Cartaz no centro de Lviv mostra uma mulher, representando a Ucrânia, a executar Vladimir Putin. As ruas de Lviv têm bastante propaganda de guerra. © Créditos: Tiago Carrasco

Na aldeia de Starychi, a apenas 5km das instalações atacadas, os habitantes ainda não tinham parado desde que tiveram o seu sono interrompido pela fúria das explosões. Muitos esconderam-se em abrigos improvisados e, assim que puderam, levaram as mulheres e as crianças para a Polónia, para depois partirem para a base de forma a auxiliar os feridos e abastecer de víveres os voluntários.
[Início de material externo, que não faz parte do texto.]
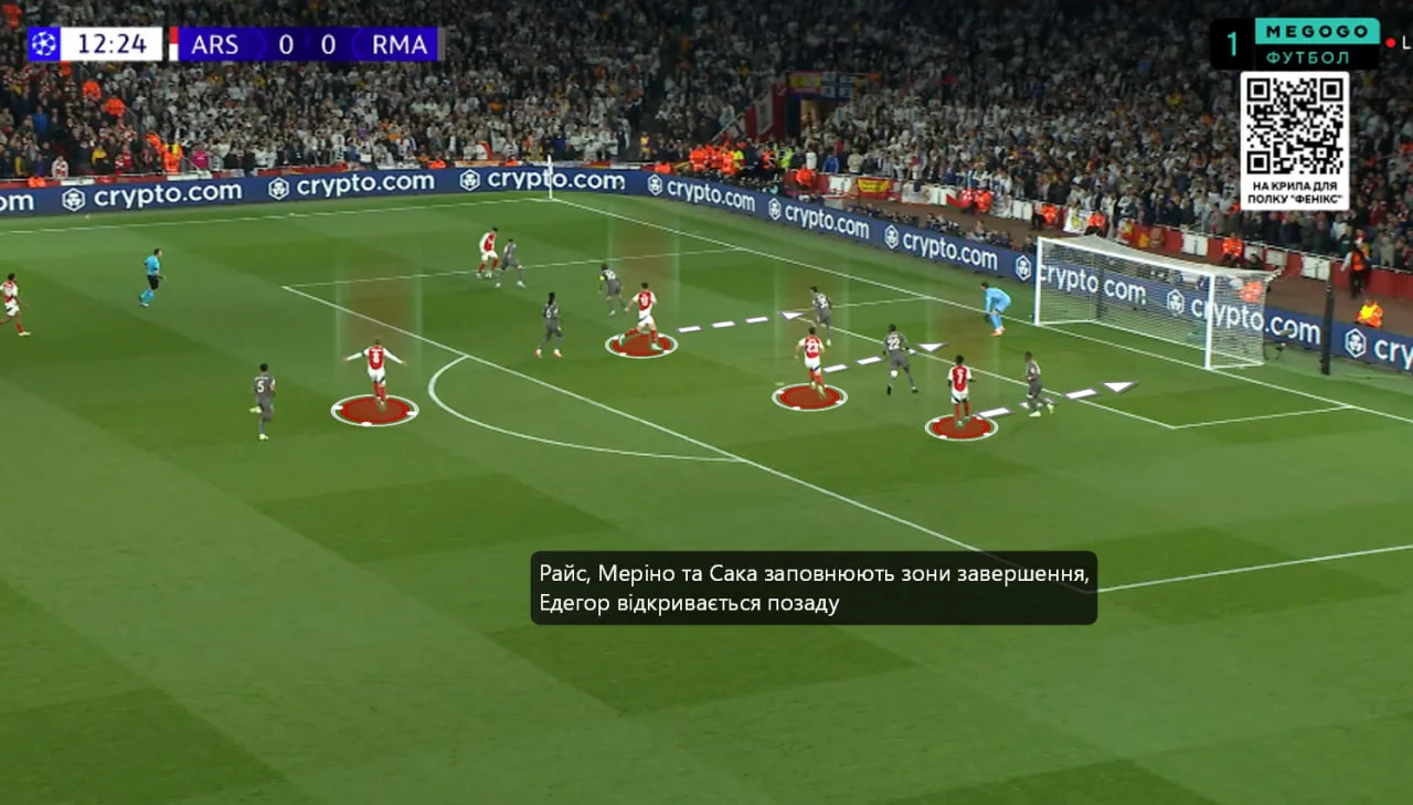 Крім того, шикарно зіграла ідея з трьома десятками у старті. Меріно, Едегор і Райс завдяки своїй мобільності встигали як навантажувати зони завершення, так і допомагати під тиском в опорній зоні.
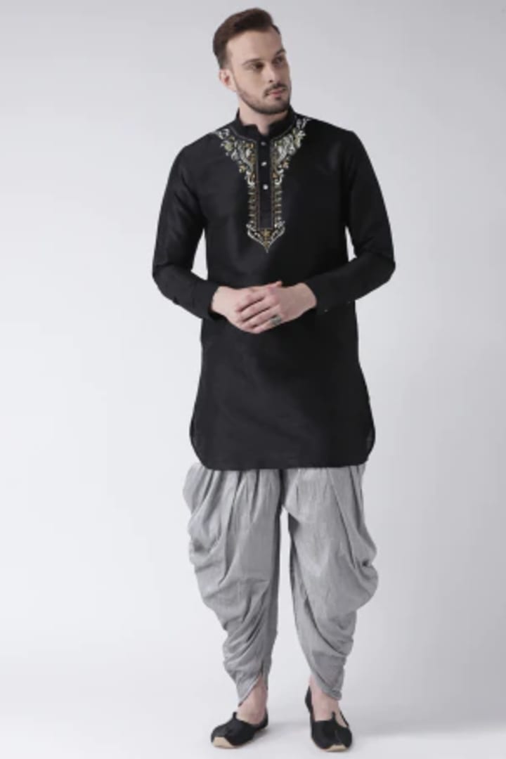 Indian men have started to embrace dhoti pants as their new fashion trend. A short kurta paired with dhoti pants creates a very authentic Garba look. You can find multiple kurta sets for men at Paaro, which come with dhoti-style bottoms.
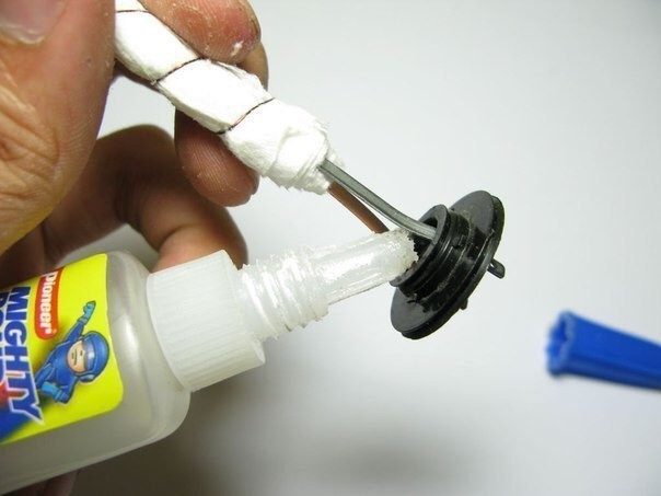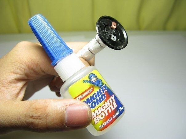 После этого подбираем подходящую по размеру пластиковую крышку (чтобы долго не искать подходящую по размерам, можно сделать самому из любого подходящего по размерам кусочка пластика), делаем в ней две прорези под электроды и герметизируем соединение с помощью суперклея.
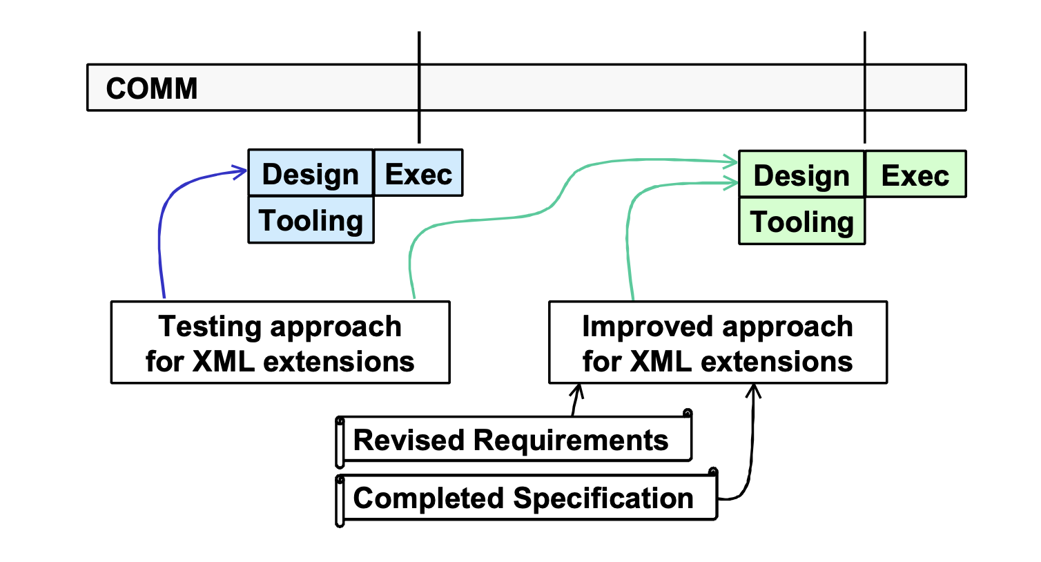 I proposed abandoning the prettily symmetrical test phases, and also ignore development phases. Rather, prescriptive statements about artifacts to be developed would be harvested whenever available and convenient. They essentially form an ever accumulating pile of "check this" commands.

Oleg Nych tem uma mercearia e uma farmácia na povoação e abrigou-se com a família num celeiro. “Nós não podemos sair daqui porque as nossas lojas são estratégicas para abastecer os heróis que estão a defender o país. Temos o dever de não mostrar medo para não afectar os nossos vizinhos”, diz. “Putin é um assassino cem vezes pior que o Hitler. Cada século tem o seu genocida. Veio o Hitler e agora veio o Putin, enviado pelo diabo”.

Oleg diz-se disposto a lutar até à morte: “Tenho uma arma e munições. Cada uma delas vai ser para um moskal [nome pejorativo para um russo] e a última, se tiver de ser, é para mim”. O pedido de todos é só um: que a NATO “feche o céu”, ou seja, interdite o espaço aéreo a aviões russos, algo que o Ocidente se mostra reluctante em fazer com receio de originar um conflito à escala mundial.

Svetlana nasceu no meio da última das guerras mundiais, em 1944, em Kiev. A judia, de 78 anos, sobrevivente do Holocausto, chegou a Lviv no domingo após ter sido resgatada dos arredores de Kiev por uma associação israelita. “Nasci no tempo da guerra, da fome e do frio, não havia nada para comer, nem uma migalha de pão, não tinhamos roupas, nada. Mataram o meu pai dois meses depois de eu nascer, sou uma filha da guerra”, conta.

“Vivi depois em paz na União Soviética, com pouco, mas em paz. E como era bom. Agora há coisas terríveis a acontecer. Tenho quase 80 anos e voltaram as explosões, as insónias, as sirenes, as idas para o bunker. Tanta morte, tanto sofrimento. Nem nos meus piores pesadelos pensei que isto ia voltar a acontecer”.